While columns like first_name, last_name, email, and social security number can certainly be directly identifying, something like gender and race, on the surface, seem like they may not be directly identifying, but it could be. Imagine if there are very few Tongan men in a data fact, for the sake of this example, lets say there’s only one. So if I know of a Tongan man in that company, I can easily run a query like this and figure out that person’s salary without using their name, email, or social security number:

select salary from [table] where race = 'Tongan' and gender = 'Male';

This is the challenge with indirect identifiers. It comes down to how much your adversary, the person trying to break privacy, knows externally, which is unknowable to you. In this case, all they had to know was the person was Tongan and a man (and there happens to be only one of them in the data) to figure out their salary, sensitive information. Let's also pretend the result of that query was a salary of 106072. This is called a linkage attack and is specifically called out in privacy regulations as something you must contend with, for example, from GDPR:

Article 4(1): "Personal data" means any information relating to an identified or identifiable natural person ("data subject"); an identifiable person is one who can be identified, directly or indirectly, in particular by reference to an identifier such as a name, an identification number, location data, online identifier or to one or more factors specific to the physical, physiological, genetic, mental, economic, cultural or social identity of that person.

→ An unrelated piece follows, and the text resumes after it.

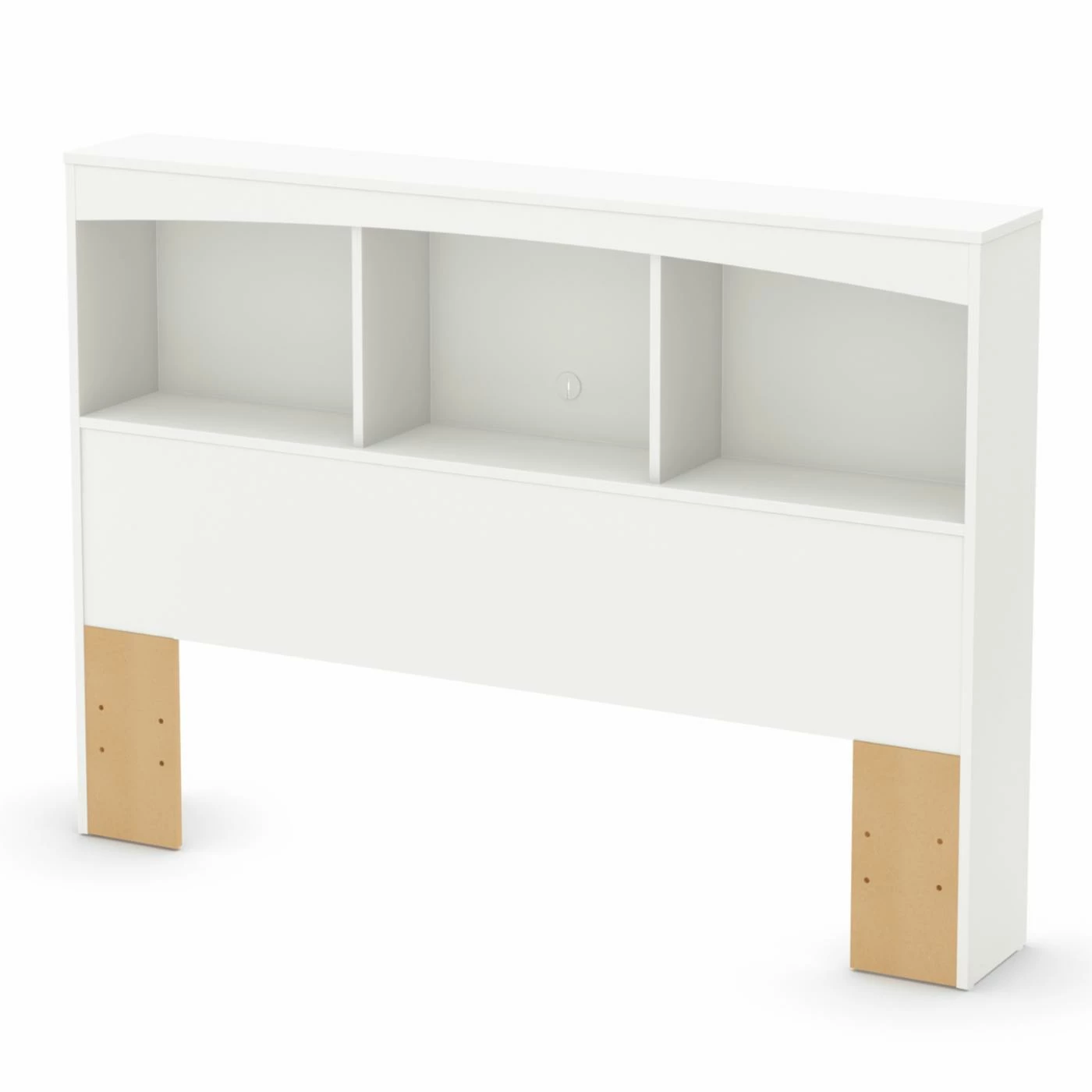 Get more storage space in your bedroom with the Step One Full Bookcase Headboard by South Shore. Three open compartments give you a place to stash essentials that you wish to easily access while you’re in bed. A hole in the back panel lets you feed through a cord to plug in an alarm clock, night light, or lamp. Crafted out of nontoxic laminated engineered wood, the bookcase headboard is durable against wear and tear. Holes in the base make it easy to attach the headboard to a full size bed frame or to one of the platform beds offered by South Shore.

Almost any useful column with many unique values will be a candidate for indirectly identifying an individual, but also be an important column for your analysis. So if you completely hide every possible indirectly identifying column, your data is left useless.

You can solve this problem with PETs. Take note of two things by querying the data:

  • If you only search for “Tongan” alone (no Male), there are several Tongan women, so this linkage attack no longer works: select salary, gender from [table] where race = 'Tongan';
  • There are no null values in the gender or race columns.

Now let's say you apply the k-anonymization masking policy using Immuta.

Then you run this query again to find the Tongan man's salary: select salary from immuta_fake_hr_data where race = 'Tongan' and gender = 'Male';

You get no results.

Now you run this query ignoring the gender: select salary, gender from immuta_fake_hr_data where race = 'Tongan';

Only the women are returned.

The linkage attack was successfully averted. Remember, from our queries prior to the policy, the salary was 106072, so let’s run a query with that: select race, gender from immuta_fake_hr_data where salary = 106072;

There he is! But race will be suppressed (NULL) so this linkage attack will not work. It was also smart enough to not suppress gender because that did not contribute to the attack; suppressing race alone averts the attack. This is the magic of k-anonymization: it provides as much utility as possible while preserving privacy by suppressing values that appear so infrequently (along with other values in that row) that they could lead to a linkage attack.

Cell-level security

Cell-level security is not exactly an advanced privacy enhancing technology (PET) as in the example above, but it does provide impressive granular controls within a column for common use cases.

What is cell-level security?

If you have values in a column that should sometimes be masked, but not always, that is masking at the cell-level, meaning the intersection of a row with a column. What drives whether that cell should be masked or not is some other value (or set of values) in the rest of the row shared with that column (or a joined row from another table).

For example, a user wants to mask the credit card numbers but only when the transaction amount is greater than $500. This allows you to drive masking in a highly granular manner based on other data in your tables.

This technique is also possible using Immuta, and you can leverage tags on columns to drive which column in the row should be looked at to mask the cell in question, providing further scalability.